What about the men?

I wonder if it’s because I’m woman…

Reading Kate Chopin and Susan Glaspell and talking about feminist literature is great.  I mean, I was an English major!  Love it!  But sometimes I feel like my male students are disconnected.  The emphasis on women’s issues sometimes means I don’t get a buy-in from some of my male students.

When we look under “Gender Issue” or “Gender Studies,” we find many articles on women’s rights.  And as I was winding down one semester a few years ago, I realized that I had unconsciously – clearly I had not been very thoughtful – planned nearly the entire semester on issues related to race and women.  This seemed to have alienated some of my white male students.  They just seemed checked out.  So, the following semester, we read an article called “Being a Man” by Paul Theroux and talked about… well… about what it means to be a “man” today.  Then we had lively conversations about “manliness” and “masculine,” which led to very engaging essays about defining these terms.  To my delight, of course, this also led to discussions about what it means to be “womanly” or “feminine.”  How can you talk about the one without the other?  We also paired this reading with Beverly Gross’s essay called, “Bitch” (which is such a fun article – unfortunately I can’t seem to locate on the web).  This closed the loop on our “gender” discussion.  (Or you could do Deborah Tannen’s “Sex Lies and Conversation.”

I understand that history plays a key role in the way we must study and understand feminism and women’s rights issues.  There’s a long history of repression and discrimination, and it is important to study the history as well as the current politics of gender issues.  I’m certainly not arguing that we should stop talking about these issues regarding women, women’s history, and women’s rights.  Nor am I arguing that this belongs to history books – because we certainly know that these are current issues.

But I’m a writing teacher.  And I want my students to write.  So, if writing teachers are trying to engage all students in their writing experience, I think it’d be a wonderful idea to make room for our male students (and our female students) to critically think not only about issues regarding standards of female beauty (a popular topic in writing classes) and other woman-related issues but also about issues regarding men.
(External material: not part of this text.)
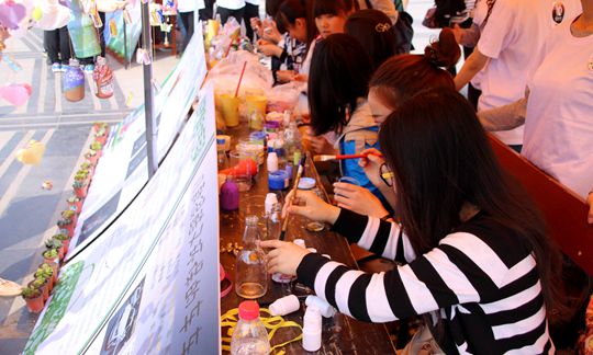 有趣DIY深深抓住了学生的眼球,不同的主题展板前聚满了跃跃欲试的学生。刚看完空气展览的yl23411永利集团官网文学院学生林雨晴心中感慨万千。来自全国十四个城市的空气被学生用特殊材质模拟出来“装”进瓶子里,进行空气质量对比。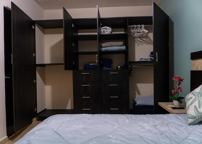 Within Departamento Lirios Residencial Para 5 Alberca apartment, there is a fully-equipped kitchen where guests can prepare their own homemade meals. Cancun airport is nestled 5 km from the 80 m² apartment. Guests are welcome in a private garden at the apartment.

How about men when it comes to abortion rights?  I think that’s a fantastically charged and controversial issue – a possible gold mine for writing teachers trying to teach argument writing (perhaps it’s an explosive mine?!)  I also came across a great article in Newsweek called Men’s Lib.  There are lots of great articles on defining “gender” today.  That could spark very interesting – possibly heated – conversations in the classroom. 

For me at least, I’ve realized that I have to be a little bit more conscientious about what will engage my students, especially the male students.  Let’s give the men something to talk about and write about.